Конго Гоанго при общем опьянении местью, которое, вследствие неосмотрительного решения Национального конвента, вспыхнуло на этих плантациях, один из первых взялся за ружье и, вспомнив то жестокое насилие, которое некогда вырвало его из его родины, всадил пулю в голову своего господина. Он поджег дом, в котором укрылась жена убитого со своими тремя детьми и прочими белыми, проживавшими в имении, опустошил всю плантацию, на которую наследники, проживавшие в Порт-о-Пренс, могли предъявить свои права, и, сровняв с землею все постройки поместья, двинулся с неграми, которых он собрал и вооружил, в окрестные поселения, чтобы поддержать своих соотечественников в их борьбе с белыми. То он подстерегал путешественников, разъезжавших по стране вооруженными отрядами, то среди бела дня нападал на плантаторов, окопавшихся в своих усадьбах, причем беспощадно вырезал всех, кого там находил. Мало того, увлеченный бесчеловечной мстительностью, он призывал старую Бабекан и ее дочку, пятнадцатилетнюю метиску, по имени Тони, принять участие в этой свирепой войне, во время которой он как бы сам помолодел, а так как главное здание плантации, в котором он теперь жил, стояло одиноко на большой дороге и туда нередко заходили в его отсутствие беглецы, белые и креолы, в поисках крова и пищи, то он подучил женщин, чтобы они ласковым приемом и помощью задерживали этих белых собак, как он их называл, до его возвращения. Бабекан, вследствие жестокого наказания, которому она подверглась в молодости, болевшая чахоткой, обычно в подобных случаях приказывала Тони,— благодаря своему желтоватому цвету лица девушка была особенно пригодна для осуществления этой отвратительной хитрости,— нарядиться в лучшее платье, она убеждала дочь не отказывать проезжим ни в каких ласках, кроме последней ласки, запрещенной ей под угрозой смерти, когда же Конго Гоанго возвращался после набегов, совершенных в окружающей местности, со своим отрядом негров, неизбежная смерть выпадала на долю несчастных, которые дали себя обмануть этими хитростями.

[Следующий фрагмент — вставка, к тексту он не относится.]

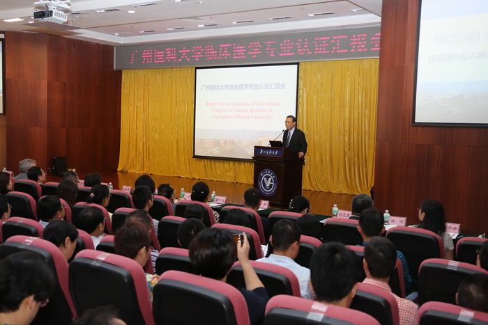 认证汇报会于7日上午在番禺校区图书馆报告厅举行。学校党委书记冉丕鑫致欢迎辞,钟南山院士简介了临床医学专业尤其是南山班的教学改革情况,专家组组长David Ellwood教授主持认证会,校长王新华作汇报。广州市教育局副巡视员邵国良、广州市卫计委科教处处长夏海晖出席会议。ac米兰全体校领导、部分教职工和学生代表参加了会议。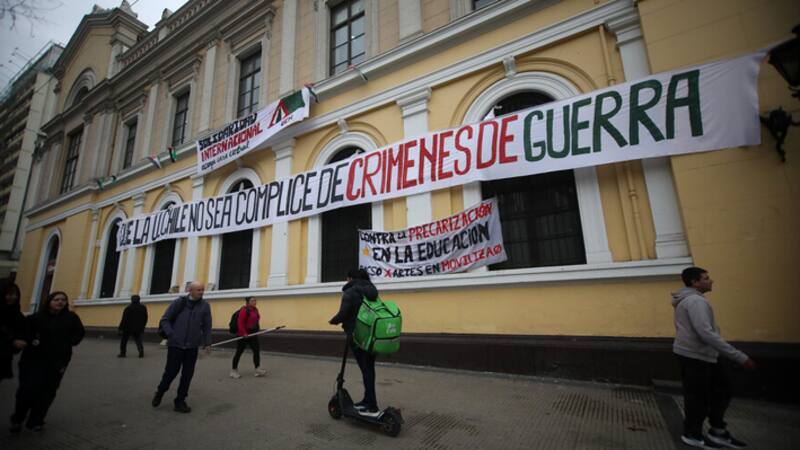 La mañana de este jueves, el frontis de la Casa Central de la Universidad de Chile apareció sin los lienzos propalestina instalados hace un mes por un grupo de estudiantes que se manifiestan en contra de las acciones bélicas de Israel en la Franja de Gaza.

Всем, конечно, хорошо известно, что когда в 1803 году генерал Дессалин двинулся с тридцатью тысячами негров на Порт-о-Пренс, все белые бросились в этот город, чтобы защищать его. Ибо он был последним опорным пунктом владычества Франции над островом и с его падением все белые, находившиеся в нем, были неминуемо обречены на гибель. Случилось, что как раз в отсутствие старого Гоанго, который со своим отрядом чернокожих выступил для того, чтобы подвезти через французские линии транспорт пороха и свинца для генерала Дессалина, кто-то во мраке дождливой и бурной ночи постучался в заднюю дверь его дома. Старая Бабекан, уже лежавшая в постели, поднялась, отворила окно, накинув на бедра одну юбку, и спросила, кто там.
— Заклинаю девой Марией и всеми святыми,— тихо сказал неизвестный, став под окном,— ответьте мне па один вопрос, раньше чем я назову себя! — И с этими словами он протянул в темноте свою руку, чтобы схватить руку старухи, и спросил: — Вы — негритянка?
Бабекан отвечала:
— Вы-то — уж наверное белый, раз предпочитаете глядеть в лицо этой беспросветной ночи, чем в лицо негритянки! Входите, — добавила она,—и не бойтесь ничего, здесь живет мулатка, а единственный человек, который, кроме меня, находится в этом доме, это — моя дочь, метиска! — Сказав это, она притворила окошко, словно намереваясь сойти вниз, чтобы отворить ему дверь, а между тем, наскоро захватив из шкафа кое-какое платье, она под предлогом, что не сразу смогла найти ключ, пробралась наверх, в каморку дочери, и разбудила ее: — Тони! — сказала она.— Тони!
— В чем дело, мать?
— Скорее! — сказала старуха.— Вставай и одевайся! Вот тебе платье, чистое белье и чулки! У дверей стоит белый, за которым гонятся, и просит, чтобы его впустили.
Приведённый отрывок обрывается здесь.